An audible shrug. “I wish I knew.”
“Listen,” I said. “There’s something I need to tell you. I really screwed things up between us.”
“Don’t mention it.”
“No, it was stupid. I don’t care what Ennis thinks. Or Frank Dearborn, or any of those guys.”
“Yes, you do,” Neil said.
“I know. But I wish I didn’t.”
“Let it go,” Neil said. “Whatever you have against them, let it go.”
“Right,” I said. “As soon as you let Greg go.”
“As soon as he lets this war with his mother go.”
“Like that’ll happen any time soon.”
“We need to move on,” Neil said.
“Yeah,” I said. “I guess we do.”
And I would have. Or might have. Conceivably. But then I saw Frank Dearborn on the morning of the memorial service, and it all came back to me—the anger, the fear, the panic, the doubt, the envy and self-pity. Who was I trying to kid? I didn’t know a thing about Billy Chin. Yeah, we were friends, but only in the sense that we’d gone to the same school and hadn’t managed to become enemies, only in the sense that we used to talk once in a while, only in the sense that his name never made it onto the evergrowing list of things that pissed me off. But beyond that?
I tried to conjure a picture of Billy in my mind, to reconstruct him with memories and anecdotes, but the best I could do as Karen and I got in the car and headed for the Academy that morning was to imagine a stick figure. Billy was skinny. He wore a blue suit. He played ping-pong and chess and was a member of the debate team. He ate rice for lunch and carried his books in a giant duffle bag. If I really thought about it, I could wrestle a few more details from the dim corners of my mind, but they were either too sketchy or tinged with regret to be of any use.

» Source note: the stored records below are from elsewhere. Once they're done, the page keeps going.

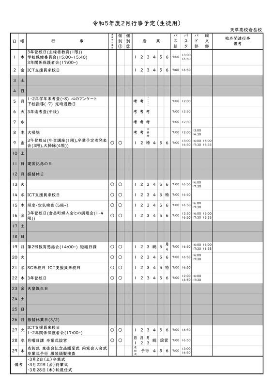 2月5日(月)~2月8日(木)の4日間、倉岳校では1・2年生の学年末考査が行われます。生徒たちは本年度最後の定期考査に向けて勉強を頑張っています。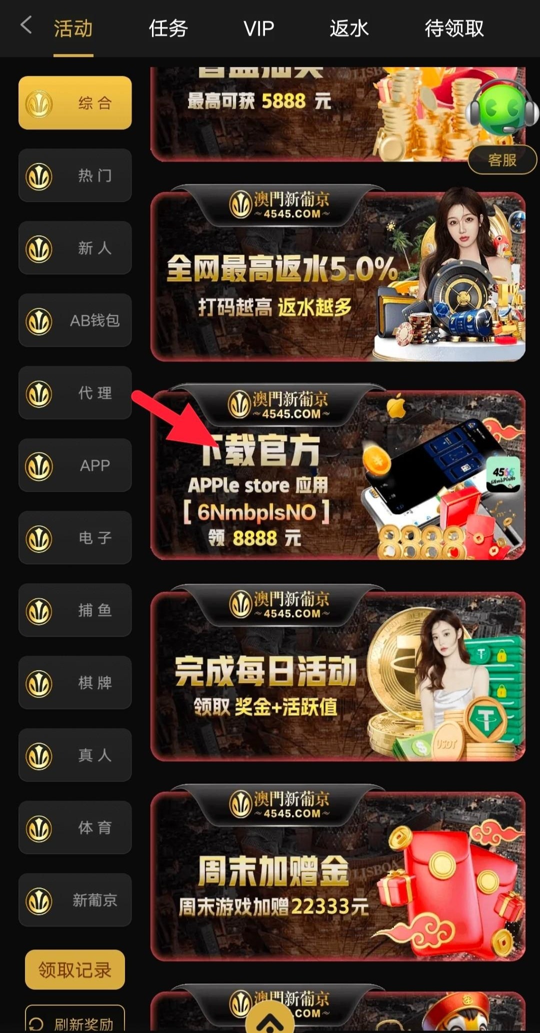 历史充值过100的去申请,没充值的没有,不用去了,地址4545app.com。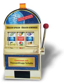 Unsere kleinste Slotmachine "Monaco" hat die ideale Größe für ein Präsent. Klein, handlich, leicht und doch auffällig und mit allen Funktionen wie seine "größeren Geschwister". Der Clou bei diesem Gerät ist, dass es neben seinen Spielfunktionen noch einen zusätzlichen Einwurf auf der Rückseite als klassische Spardose hat. Das Gerät funktioniert rein mechanisch und benötigt keinen Münzeinwurf. Falls doch Münzen eingeworfen werden, kommen diese als "Jackpot" bei einer Gewinnkombination heraus. Zusätzlich ertönt eine Klingel und das Blinklicht flackert (nur beim Einsatz von 2 Mignon Batterien). Eine ganz neue Art, spielerisch in Verbindung zu bleiben.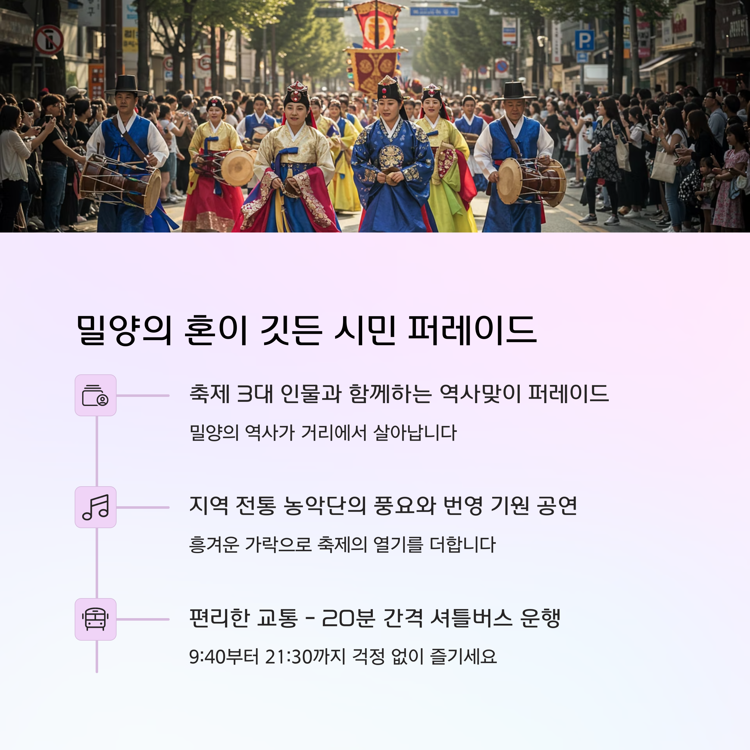 아랑 전설, 밀양 독립운동, 지역 민속 등 각종 테마로 꾸며진 퍼레이드는

He scored summa cum laude on the National Latin Exam—or was I only making that up? He had an encyclopedic knowledge of breakfast cereal commercials from the 1980s—or was that someone else? He nearly threw up in biology lab when we first cut into our cat—or was that me?
“Are you okay?” Karen asked as we slowed to a stop at an intersection on the edge of the city. “You seem a little distracted.”
“I’m fine,” I said. “Just thinking about what I’ll say at the service.”
“You don’t have anything prepared?”
“Of course I do,” I lied, tapping my breast pocket as if my remarks were all mapped out and folded in quarters an inch away from my heart. “But I want to make sure I didn’t forget anything.”